And that's just the beginning. The Observer reports: Facebook has targeted politicians around the world -- including the former UK chancellor, George Osborne -- promising investments and incentives while seeking to pressure them into lobbying on Facebook's behalf against data privacy legislation, an explosive new leak of internal Facebook documents has revealed.
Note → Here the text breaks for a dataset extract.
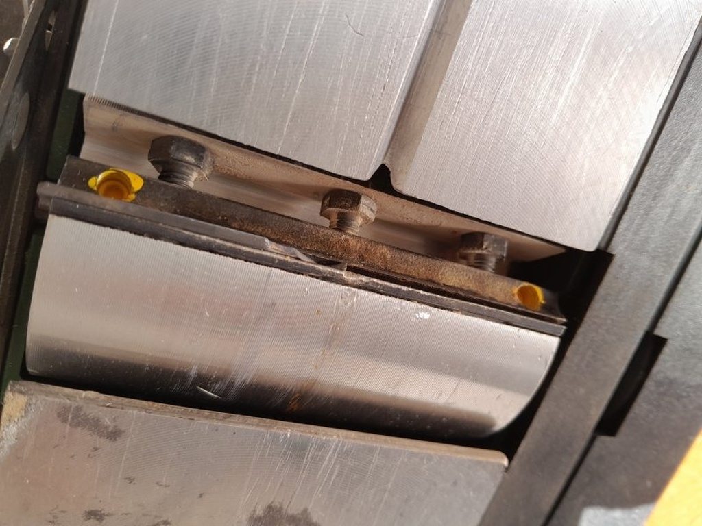 Le rabot possède deux fers placés dans leur support, maintenu par 3 vis. C'est le même système que sur les rabo / dégau : les vis viennent appuyer sur le cylindre, donc il faut visser pour démonter (les vis entrent alors dans le support et se dégagent du cylindre.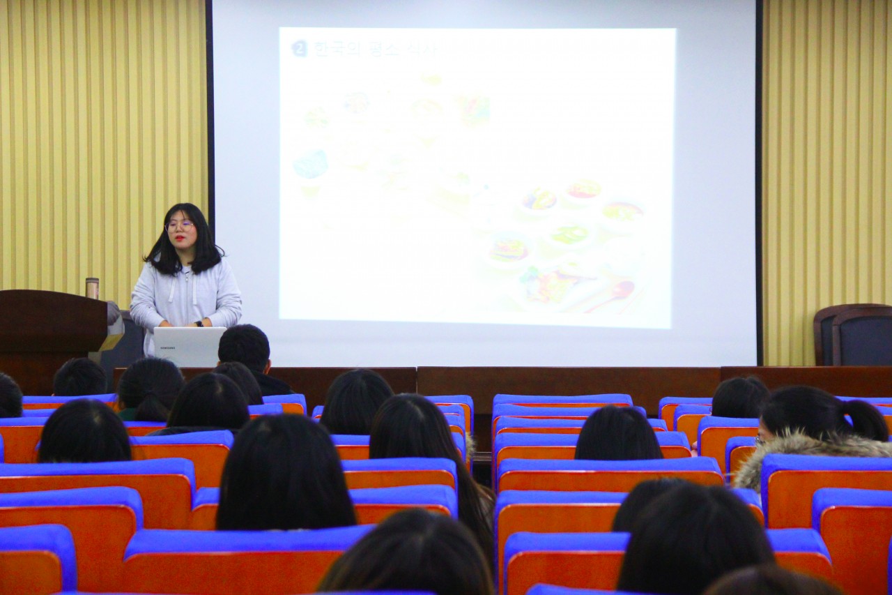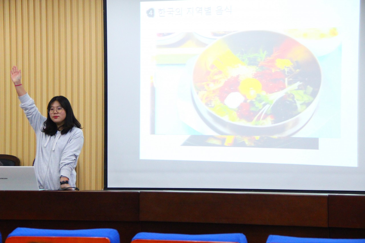 梁受贞老师主要讲述韩国的饮食文化。梁受贞老师从饮食文化最基本的餐具使用方法介绍开始,向大家展示了不同国家筷子使用的差异性。随后,梁受贞老师通过介绍不同节日、不同地域韩国餐桌上饮食文化的不同,并配以韩国美食图片,同学们展示了丰富多彩的韩国饮食文化。最后,梁受贞老师为同学们详细讲解了韩国餐桌上的礼仪文化,帮助同学们更好的体验韩国文化习俗,感受中韩文化差异。

The documents, which have been seen by the Observer and Computer Weekly, reveal a secretive global lobbying operation targeting hundreds of legislators and regulators in an attempt to procure influence across the world, including in the UK, US, Canada, India, Vietnam, Argentina, Brazil, Malaysia and all 28 states of the EU...

The documents appear to emanate from a court case against Facebook by the app developer Six4Three in California, and reveal that Sandberg considered European data protection legislation a "critical" threat to the company. A memo written after the Davos economic summit in 2013 quotes Sandberg describing the "uphill battle" the company faced in Europe on the "data and privacy front" and its "critical" efforts to head off "overly prescriptive new laws...." John Naughton, a Cambridge academic and Observer writer who studies the democratic implications of digital technology, said the leak was "explosive" in the way it revealed the "vassalage" of the Irish state to the big tech companies. Ireland had welcomed the companies, he noted, but became "caught between a rock and a hard place... Its leading politicians apparently saw themselves as covert lobbyists for a data monster."
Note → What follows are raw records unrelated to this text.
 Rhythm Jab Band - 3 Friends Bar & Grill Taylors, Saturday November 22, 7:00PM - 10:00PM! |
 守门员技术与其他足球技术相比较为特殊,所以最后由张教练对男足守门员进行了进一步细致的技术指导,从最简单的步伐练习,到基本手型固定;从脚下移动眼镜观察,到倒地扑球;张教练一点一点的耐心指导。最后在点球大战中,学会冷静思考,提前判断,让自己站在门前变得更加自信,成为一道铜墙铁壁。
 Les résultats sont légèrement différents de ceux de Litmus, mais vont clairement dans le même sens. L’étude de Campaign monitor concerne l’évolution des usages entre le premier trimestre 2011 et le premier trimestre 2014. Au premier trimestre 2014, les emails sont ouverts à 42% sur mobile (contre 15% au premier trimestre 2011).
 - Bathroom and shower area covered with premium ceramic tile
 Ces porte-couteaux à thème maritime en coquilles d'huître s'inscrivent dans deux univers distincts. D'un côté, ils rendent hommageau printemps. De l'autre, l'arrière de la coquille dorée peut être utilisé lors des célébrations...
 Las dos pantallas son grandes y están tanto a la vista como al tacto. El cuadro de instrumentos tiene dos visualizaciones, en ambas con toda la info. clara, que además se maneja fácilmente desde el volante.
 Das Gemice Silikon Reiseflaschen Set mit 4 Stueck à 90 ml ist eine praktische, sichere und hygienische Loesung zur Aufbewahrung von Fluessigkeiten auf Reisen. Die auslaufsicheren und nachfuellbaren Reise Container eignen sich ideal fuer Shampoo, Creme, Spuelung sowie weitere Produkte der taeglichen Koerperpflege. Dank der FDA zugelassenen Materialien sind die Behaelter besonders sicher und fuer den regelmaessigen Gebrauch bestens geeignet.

A spokesperson for Facebook said the documents were still under seal in a Californian court and it could not respond to them in any detail: "Like the other documents that were cherrypicked and released in violation of a court order last year, these by design tell one side of a story and omit important context."

6 of 128 comments (clear)

  1. This is the profit motive at work by Mr.+Dollar+Ton · · Score: 4, Insightful

    Whenever it is more profitable for a company to invest in corrupting the political process instead of improving its services, it will invest in corrupting the political process.
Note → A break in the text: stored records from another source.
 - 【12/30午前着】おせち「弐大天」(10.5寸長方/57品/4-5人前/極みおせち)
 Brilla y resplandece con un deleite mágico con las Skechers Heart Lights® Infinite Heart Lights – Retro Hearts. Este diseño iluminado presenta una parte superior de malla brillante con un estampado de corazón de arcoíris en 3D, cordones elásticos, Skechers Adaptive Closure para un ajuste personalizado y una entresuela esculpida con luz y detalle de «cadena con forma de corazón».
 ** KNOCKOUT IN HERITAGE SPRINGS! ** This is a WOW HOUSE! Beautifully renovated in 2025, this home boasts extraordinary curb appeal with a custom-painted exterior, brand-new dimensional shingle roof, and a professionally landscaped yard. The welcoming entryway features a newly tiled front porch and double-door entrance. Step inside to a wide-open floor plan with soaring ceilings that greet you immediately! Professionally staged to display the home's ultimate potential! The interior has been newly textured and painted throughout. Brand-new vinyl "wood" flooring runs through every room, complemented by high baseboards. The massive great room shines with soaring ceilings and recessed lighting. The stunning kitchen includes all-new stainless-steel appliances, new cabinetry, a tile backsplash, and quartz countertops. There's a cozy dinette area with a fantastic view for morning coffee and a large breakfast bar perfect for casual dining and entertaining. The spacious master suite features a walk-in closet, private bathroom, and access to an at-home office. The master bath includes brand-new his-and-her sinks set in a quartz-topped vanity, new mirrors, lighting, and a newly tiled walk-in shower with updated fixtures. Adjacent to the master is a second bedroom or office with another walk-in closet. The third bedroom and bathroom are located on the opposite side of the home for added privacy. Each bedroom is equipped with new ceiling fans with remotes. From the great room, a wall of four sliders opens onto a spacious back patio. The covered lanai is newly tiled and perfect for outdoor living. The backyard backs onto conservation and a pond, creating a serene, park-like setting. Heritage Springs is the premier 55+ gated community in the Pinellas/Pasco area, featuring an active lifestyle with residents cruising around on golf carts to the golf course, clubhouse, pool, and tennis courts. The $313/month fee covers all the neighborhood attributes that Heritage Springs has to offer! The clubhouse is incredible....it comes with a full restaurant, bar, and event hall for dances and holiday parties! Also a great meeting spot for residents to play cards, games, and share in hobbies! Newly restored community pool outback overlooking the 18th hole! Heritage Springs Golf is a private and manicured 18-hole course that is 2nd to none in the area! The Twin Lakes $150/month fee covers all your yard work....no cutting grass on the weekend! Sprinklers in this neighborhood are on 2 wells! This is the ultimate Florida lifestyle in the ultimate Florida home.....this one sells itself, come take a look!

    This process is unstoppable when the added benefit of unequal cost/benefit distribution makes it expensive for the other players in the market to oppose such political "investment", and multiplies the profits of the corrupting entity many times over.

    1. Re:This is the profit motive at work by dryeo · · Score: 3, Insightful

      Nobody puts a gun to your head and forces you to use Facebook. It's completely voluntary.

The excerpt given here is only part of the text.